West Nile – October 2018


A 54-year-old woman with past medical history of stage III uterine carcinosarcoma, currently receiving treatment with Keytruda, who presents with new numerous floaters in both eyes for several days as well as flashing lights in the periphery of her right eye. Symptoms began two to three weeks prior, but worsened since. Of note, she was recently hospitalized for fevers and headaches and was diagnosed with aseptic meningitis, but had been discharged the day prior to presentation.

POH/PMH: Stage III uterine carcinosarcoma, peripheral neuropathy (thought secondary to chemotherapy), asthma, COPD

Social History: Tobacco use (Smoker)


Visual acuity is 20/20-2 in the right eye and 20/25+2 in the left eye. Intraocular pressure is 7 and 4, respectively.

Anterior segment examination is remarkable for 1+ anterior chamber cell in both eyes. There is trace nuclear sclerosis noted bilaterally.

Posterior segment examination is notable for numerous circular white-yellow lesions with a creamy appearance, seemingly deep to the retina in both eyes, though the right appears more affected than the left. No vitritis is noted in either eye.

Differential Diagnosis

  • Multifocal Choroiditis
  • Presumed Ocular Histoplasmosis
  • Birdshot Chorioretinitis
  • Sarcoidosis
  • Lymphoma
  • Metastatic Disease
  • Infectious Chorioretinitis
    • Syphilis
    • Tuberculosis
    • West Nile Virus
    • Rift Valley Fever
    • HSV/VZV

OCT of the macula was normal in both eyes, showing no subretinal fluid or macular edema with normal foveal contours.Fluorescein angiography demonstrates numerous foci of hypofluorescence surrounded by a ring of hyperfluorescence, which correlate to the lesions noted above.

Fundus autofluorescence shows multiple foci of hypoautofluorescence which also correlate with the lesions noted on examination.

Diagnosis: West Nile Virus Chorioretinitis

West Nile Virus is a single-stranded RNA flavivirus which belongs to the Japanese encephalitis virus serocomplex.. It is a zoonotic disease transmitted by mosquito vector. About 20% of infected humans have symptoms of febrile illness, including headache, malaise, and nausea which typically develop 2 to 14 days following infection and resolve after one week. Only 1/150 infected individuals go on to develop meningioencephalitis.

The most frequently noted ophthalmic complication of the disease is a multifocal chorioretinitis, which is most often bilateral and present at initial presentation. Other known ophthalmic manifestations include retinal hemorrhages, retinal vasculitis, and optic neuritis.

Classically, the posterior pole lesions seen in the context of infection with West Nile Virus are described as round and creamy yellow-white in appearance.
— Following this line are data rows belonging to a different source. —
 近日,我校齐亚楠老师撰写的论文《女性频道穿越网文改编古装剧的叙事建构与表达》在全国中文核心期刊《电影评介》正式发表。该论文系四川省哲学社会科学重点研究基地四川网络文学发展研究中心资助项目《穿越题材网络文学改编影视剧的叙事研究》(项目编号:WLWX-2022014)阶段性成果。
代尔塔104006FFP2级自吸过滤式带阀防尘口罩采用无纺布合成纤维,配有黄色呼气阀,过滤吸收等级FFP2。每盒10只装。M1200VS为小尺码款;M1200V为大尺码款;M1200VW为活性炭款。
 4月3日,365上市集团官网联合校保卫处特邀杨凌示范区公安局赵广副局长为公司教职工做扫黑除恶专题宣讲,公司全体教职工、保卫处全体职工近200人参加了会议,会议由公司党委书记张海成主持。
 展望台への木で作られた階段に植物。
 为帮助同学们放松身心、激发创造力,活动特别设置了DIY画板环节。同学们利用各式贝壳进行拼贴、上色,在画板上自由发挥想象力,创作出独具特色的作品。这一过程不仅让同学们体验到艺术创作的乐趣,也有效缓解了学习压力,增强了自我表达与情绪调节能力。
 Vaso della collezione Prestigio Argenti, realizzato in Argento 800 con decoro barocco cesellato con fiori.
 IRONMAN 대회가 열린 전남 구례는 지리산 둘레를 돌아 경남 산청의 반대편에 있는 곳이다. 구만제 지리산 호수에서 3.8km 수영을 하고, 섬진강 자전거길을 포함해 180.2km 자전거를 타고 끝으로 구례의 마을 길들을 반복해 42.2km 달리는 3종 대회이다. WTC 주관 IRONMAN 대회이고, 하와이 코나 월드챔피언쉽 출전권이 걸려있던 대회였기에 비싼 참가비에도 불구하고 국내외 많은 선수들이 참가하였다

They are typically numerous and often are seen to radiate in linear patterns from the optic disc, as was seen in our patient’s right eye. On Fluorescein angiogram, these lesions are typically seen as hypofluorescent spots surrounded by a ring of hyperfluorescence indicative of staining in late phases.

The diagnosis in this case was not made only based on fundus appearance, but also on confirmatory laboratory testing. Our patient tested positive for serum IgM to West Nile Virus, which is highly indicative of active or recent infection.
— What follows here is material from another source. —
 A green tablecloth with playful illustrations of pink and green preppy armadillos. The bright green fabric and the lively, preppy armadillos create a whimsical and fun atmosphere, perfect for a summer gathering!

Infection with West Nile virus is most often self-limited. There is no universally accepted treatment for West Nile Virus infection so care remains predominantly supportive.


  1. Khairallah, Moncef, et al. “Chorioretinal involvement in patients with West Nile virus infection.” Ophthalmology111.11 (2004): 2065-2070.
  2. Anninger, William V., et al. “West Nile virus-associated optic neuritis and chorioretinitis.” American journal of ophthalmology136.6 (2003): 1183-1185.
  3. Chan, Clement K., et al. “Ocular features of West Nile virus infection in North America: a study of 14 eyes.” Ophthalmology113.9 (2006): 1539-1546.